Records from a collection
◆ ◆ ◆ ◆ ◆

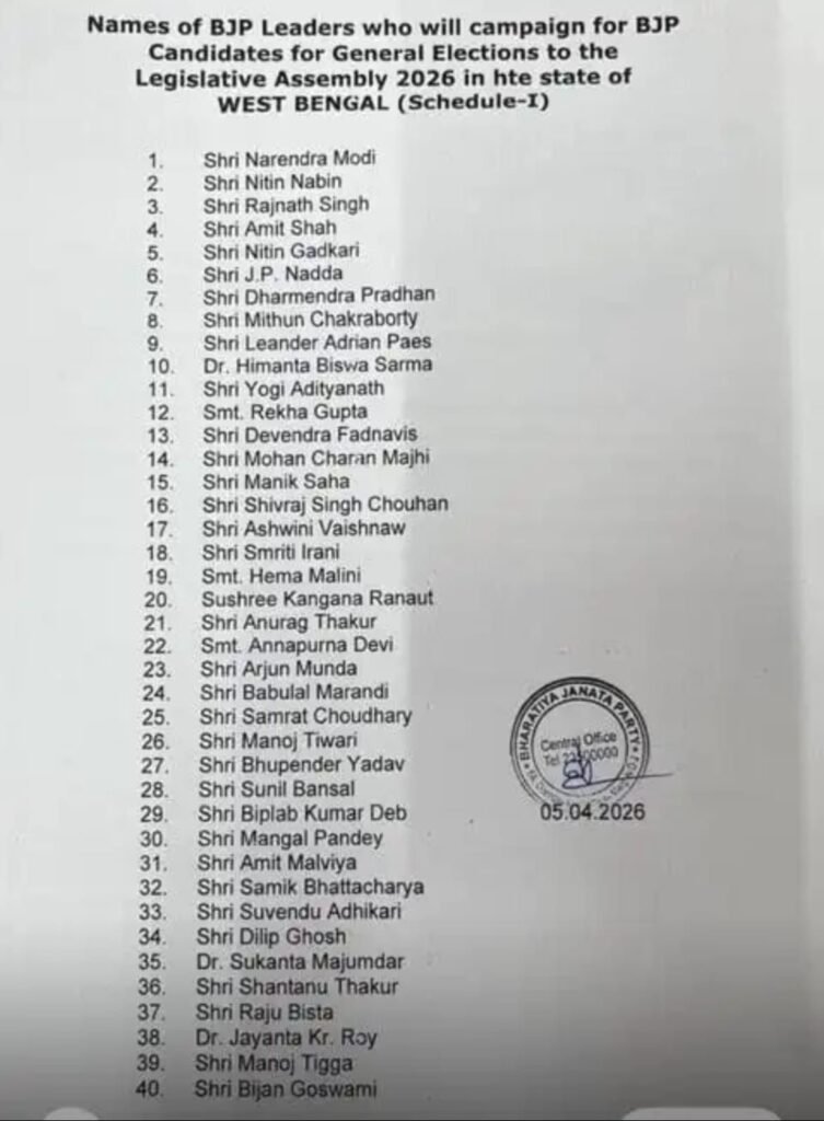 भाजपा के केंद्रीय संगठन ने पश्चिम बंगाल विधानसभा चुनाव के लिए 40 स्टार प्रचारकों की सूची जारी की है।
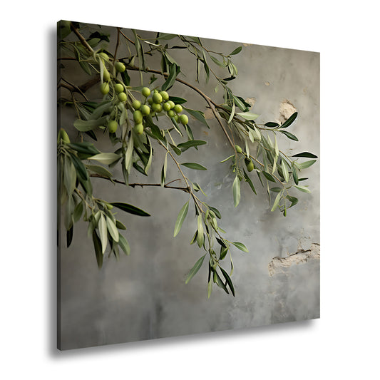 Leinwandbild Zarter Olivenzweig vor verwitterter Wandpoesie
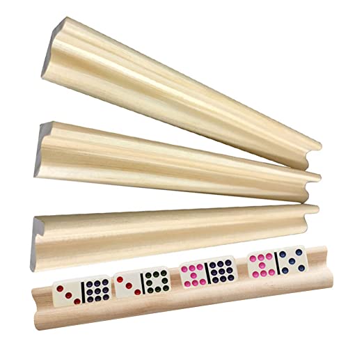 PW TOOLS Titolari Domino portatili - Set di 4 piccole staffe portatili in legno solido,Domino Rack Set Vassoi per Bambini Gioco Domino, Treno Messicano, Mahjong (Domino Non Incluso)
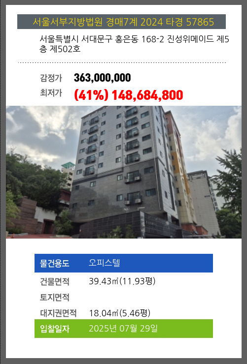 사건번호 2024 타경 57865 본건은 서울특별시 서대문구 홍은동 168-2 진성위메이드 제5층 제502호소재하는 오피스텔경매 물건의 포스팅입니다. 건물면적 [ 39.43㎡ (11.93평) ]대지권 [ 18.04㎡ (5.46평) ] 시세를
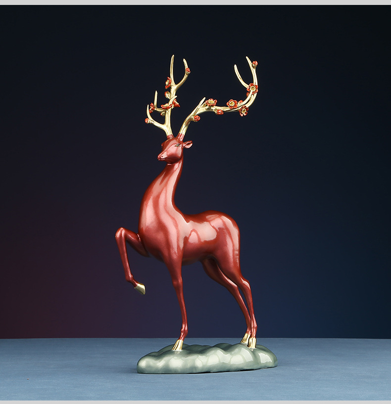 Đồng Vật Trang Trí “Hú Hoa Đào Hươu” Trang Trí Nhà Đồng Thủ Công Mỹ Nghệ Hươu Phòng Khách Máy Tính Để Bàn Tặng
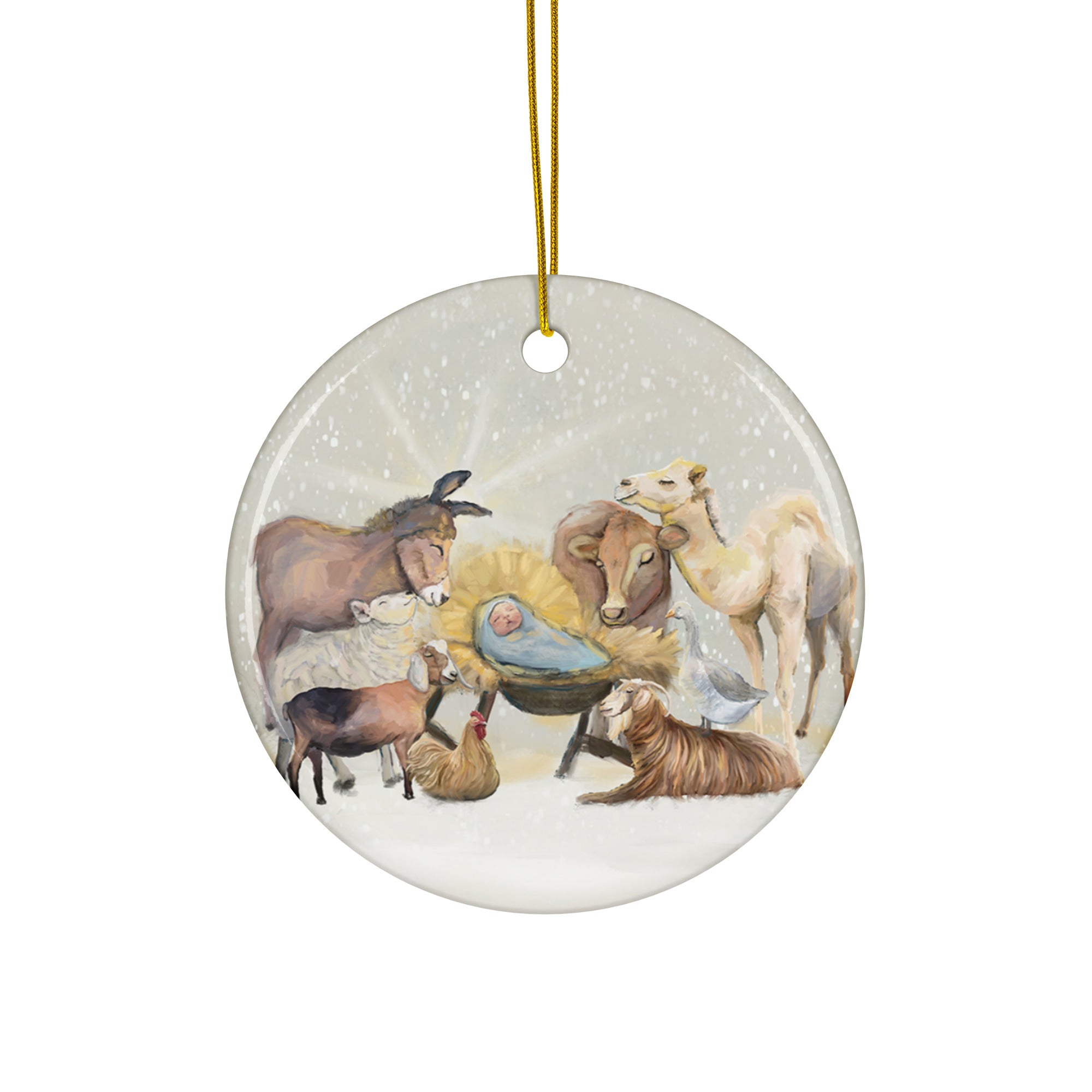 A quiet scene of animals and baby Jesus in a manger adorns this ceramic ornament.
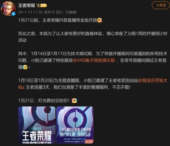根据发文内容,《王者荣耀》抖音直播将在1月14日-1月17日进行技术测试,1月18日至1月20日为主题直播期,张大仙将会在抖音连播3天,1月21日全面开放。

◆ ◆ ◆ ◆ ◆

→ What is being asked
Set down the lines of the records above exactly, apart from the pictures.

→ Result of the exercise
 भाजपा के केंद्रीय संगठन ने पश्चिम बंगाल विधानसभा चुनाव के लिए 40 स्टार प्रचारकों की सूची जारी की है।
 Leinwandbild Zarter Olivenzweig vor verwitterter Wandpoesie
 PW TOOLS Titolari Domino portatili - Set di 4 piccole staffe portatili in legno solido,Domino Rack Set Vassoi per Bambini Gioco Domino, Treno Messicano, Mahjong (Domino Non Incluso)
 사건번호 2024 타경 57865 본건은 서울특별시 서대문구 홍은동 168-2 진성위메이드 제5층 제502호소재하는 오피스텔경매 물건의 포스팅입니다. 건물면적 [ 39.43㎡ (11.93평) ]대지권 [ 18.04㎡ (5.46평) ] 시세를
 Đồng Vật Trang Trí “Hú Hoa Đào Hươu” Trang Trí Nhà Đồng Thủ Công Mỹ Nghệ Hươu Phòng Khách Máy Tính Để Bàn Tặng
 A quiet scene of animals and baby Jesus in a manger adorns this ceramic ornament.
根据发文内容,《王者荣耀》抖音直播将在1月14日-1月17日进行技术测试,1月18日至1月20日为主题直播期,张大仙将会在抖音连播3天,1月21日全面开放。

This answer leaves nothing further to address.